My next poem, Lynn Ungar’s “Blessing the Bread,” connects bread-making with the rhythms of life. In an intricate set of associations, she sees the lines of her hands etched into the bread she is molding. And while she says that she does “not believe in palmistry,” nevertheless she finds herself looking for “signs of life” in the imprint. Comparing kneading bread with massaging, she mentions that a kind of imprint also can be seen “on the bodies we have touched.”

Drawing on an image from palmistry, she sees a miraculous (eucharistic?) transformation arising from this tactile connection with the bread dough:

This is the lifeline —
the etched path from hand
to grain to earth, the transmutation
of the elements through touch…

However unwilling we may be to be believe in miracles (Ungar, a Unitarian Universalist minister, worries about superstition), something miraculous occurs in the transformation of earth to grain to hand to finished product, which we bless and eat. God is present in that transformation, and for that we offer up thanks:

Blessing the Bread
By Lynn Ungar

Baruch atah Adonai, Eloheinu melech ha’olam,
hamotzi lechem min ha’aretz.
[Praised be thou, eternal God,
who brings forth bread from the earth.


Surely the earth
is heavy with this rhythm,
the stretch and pull of bread,
the folding in and folding in
across the palms, as if
the lines of my hands could chart
a map across the dough,
mold flour and water into
the crosshatchings of my life.

I do not believe in palmistry,
but I study my hands for promises
when no one is around.
I do not believe in magic.
But I probe the dough
for signs of life, willing
it to rise, to take shape,
to feed me. I do not believe
in palmistry, in magic, but
something happens in kneading
dough or massaging flesh;
an imprint of the hand remains
on the bodies we have touched.

This is the lifeline —
the etched path from hand
to grain to earth, the transmutation
of the elements through touch
marking the miracles
on which we unwillingly depend.

Praised be thou, eternal God,
who brings forth bread from the earth.

Denise Levertov has a poem which, while not specifically about bread, concludes with a bread image that is so striking that I include it in this talk. Written in the 1960s when feminists were charting new paths (“stepping westward”), Levertov is trying to define herself as a woman. What does it mean, she asks, when she is contradictory and what does it mean when she is steadfast?
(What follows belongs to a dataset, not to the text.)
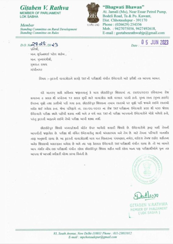 આ રજુઆતમાં તેમણે જણાવ્યું છે કે, છોટાઉદેપુર જિલ્લામાં તા. ૦૪/૦૬/૨૦૨૩ રવિવારના રોજ સવારના ૯ કલાકથી બપોરના ૧૨ કલાક સુધી ભારે વાવાઝોડા સાથે વરસાદ પડયો હતો. મુખ્ય રસ્તા (મુખ્ય હાઇવે) ઉપરના વૃક્ષો તથા ડાળીઓ પડી ગયા હતા. છોટાઉદેપુર જિલ્લાના તમામ રસ્તાઓ પર વૃક્ષો પડી જવાને લઈને રસ્તાઓ બ્લોક થઈ ગયેલા હતા. જેના પરિણામે તા. ૦૪/૦૬/૨૦૨૩ ના રોજ TAT પરીક્ષાના ઉમેદવારો ૪૦૦ થી ૫૦૦ જેટલા ઉમેદવારો પરીક્ષા સ્થળે પહોંચી શકયા નથી અને ૭ વર્ષ બાદ TAT ની પરીક્ષા આપવાનો ઉમેદવારોને મોકો મળેલો હતો, પરંતુ કુદરતી આફતને લઈને તેઓ પરીક્ષા આપી શક્યા નથી. છોટાઉદેપુર જિલ્લો મધ્યપ્રદેશની બોર્ડર ઉપર આવેલો સરહદી જિલ્લો છે. ઉમેદવારોએ રૂબરૂ મળી તેમની આપવીતી જણાવેલ છે. પરીક્ષાથી વંચિત ઉમેદવારોનુ ભાવી અંધકારમય બને તેમ છે. માટે તેમના પરિવારો માનસીક તાણ અનુભવી રહયા છે. આ કુદરતી વાવાઝોડાથી મારા મત વિસ્તારના પંચમહાલ, નર્મદા, વડોદરા તેમજ દાહોદ સહીતના અનેક જિલ્લાઓ અસરગ્રસ્ત બનેલા છે અને ત્યા પણ કેટલાક ઉમેદવારો TAT પરીક્ષાથી વંચીત રહયા છે. તો આ બાબતે આપ ગંભીર નોંધ લઇ પરીક્ષાથી વંચીત રહેલા છોટાઉદેપુર જિલ્લા સહીત બાકી રહેલા અન્ય પણ પરીક્ષાર્થીઓને પુનઃ તક આપવા જે આપશ્રી સ્વીકારી યોગ્ય કરવા વિનંતી છે. આમ સાંસદ ગીતાબેન રાઠવા પરીક્ષાર્થીઓના એક તક મળવી જોઈએ તેવી લેખિત રજૂઆત કરી છે.

The final image is one of her carrying bread—traditional woman’s work—but coming to see this nurturing role as a gift as well as a burden. While the weight may hurt the shoulders, it also means that she is “closed in fragrance.” That buoys her up, even though she doesn’t appear able to stop and fully enjoy it. As she puts it, “I can eat as I go.”

Stepping Westward
By Denise Levertov

What is green in me
darkens, muscadine.
If woman is inconstant, good,
I am faithful to
ebb and flow, I fall
in season and now
is a time of ripening.
If her part
is to be true,
a north star,
good, I hold steady
in the black sky
and vanish by day,
yet burn there
in blue or above
quilts of cloud.
There is no savor
more sweet, more salt
than to be glad to be
what, woman,
and who, myself,
I am, a shadow
that grows longer as the sun
moves, drawn out
on a thread of wonder.
If I bear burdens
they begin to be remembered
as gifts, goods, a basket
of bread that hurts
my shoulders but closes me
in fragrance. I can
eat as I go.

I conclude with an excerpt from Pablo Neruda’s “Ode to Bread.” As is characteristic of the Chilean poet, it is both earthily sensual and spiritually socialist (bread should be shared with all).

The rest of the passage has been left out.